The Global Reporting Initiative (GRI) has urged governments to ask companies to report on their environmental, social and governance (ESG) performance or give reasons for not doing so.
Headquartered in the Netherlands, GRI is a global multi-stakeholder network of business, labour and civil society leaders and its sustainability reporting framework is widely used the world over. Its G3 Guidelines lay down the principles and indicators for reporting on economic, environmental and social performance.
In its Amsterdam Declaration on Transparency and Reporting released last week, the GRI has appealed to governments to put in place policies for companies, state-owned corporations and public investment agencies to report on ESG indicators. Ernst R Ligteringen, chief executive, GRI, adds that companies should either undertake ESG reporting or give reasons for not doing so.

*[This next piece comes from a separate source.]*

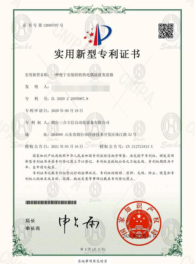 一種便于安裝的鉑熱電偶溫度變送器

Explaining why GRI is pushing for sustainability reporting during a downturn when the going is anyway tough for most companies, Ligteringen says, “The downturn is the right time for companies to report on ESG because it establishes a business case for sustainability in terms of cutting costs, improving efficiency, mapping risks and opportunities and enhancing the quality of governance.”
Saying that the lack of transparency in corporate reporting is not serving the interests of all stakeholders, the declaration goes on to add, “The root causes of the current economic crisis would have been moderated by a global transparency and accountability system based on the exercise of due diligence and the public reporting of ESG performance.”
The declaration also calls for building sustainability reporting in the new global financial regulatory framework, which will be negotiated by the G20 leaders during their April meeting. Adds Ligteringen, The governments are already playing a big role in stabilising the economy and this is the time to ensure that its done in a sustainable manner.
In fact, the declaration makes a stronger case by saying that assumptions about the adequacy of voluntary reporting must be re-examined. Explains John Elkington, a director on the board of GRI, “It indicates a necessary shift in our thinking. Most leading company are undertaking CSR and/or sustainability initiatives today, but if all companies don’t do it, then it’s difficult to bring in systemic changes. So, the government’s role is important.” The sustainability expert is also a founding partner of Volans Ventures, a social and environmental innovation firm.
The GRI declaration assumes significance because some countries are already moving in this direction. Last month, the Danish government enacted a law requiring 1,100 largest companies to report on corporate social responsibility in their annual reports from 2010 onwards. The UK has a similar law in existence since 2007. France also requires all listed companies to disclose social and environmental performance since 2001.
The signatories to the declaration included GRI directors like Mervyn King, chair, GRI; Ernst R Ligteringen, of GRI, Kishor A Chaukar, MD, Tata Industries; John Elkington, founding partner, Volans Ventures; Kumi Naidoo, secretary-general, CIVICUS; Denise Esdon, partner, E&Y, and John Evans, general secretary, Trade Union Advisory Committee to the OECD.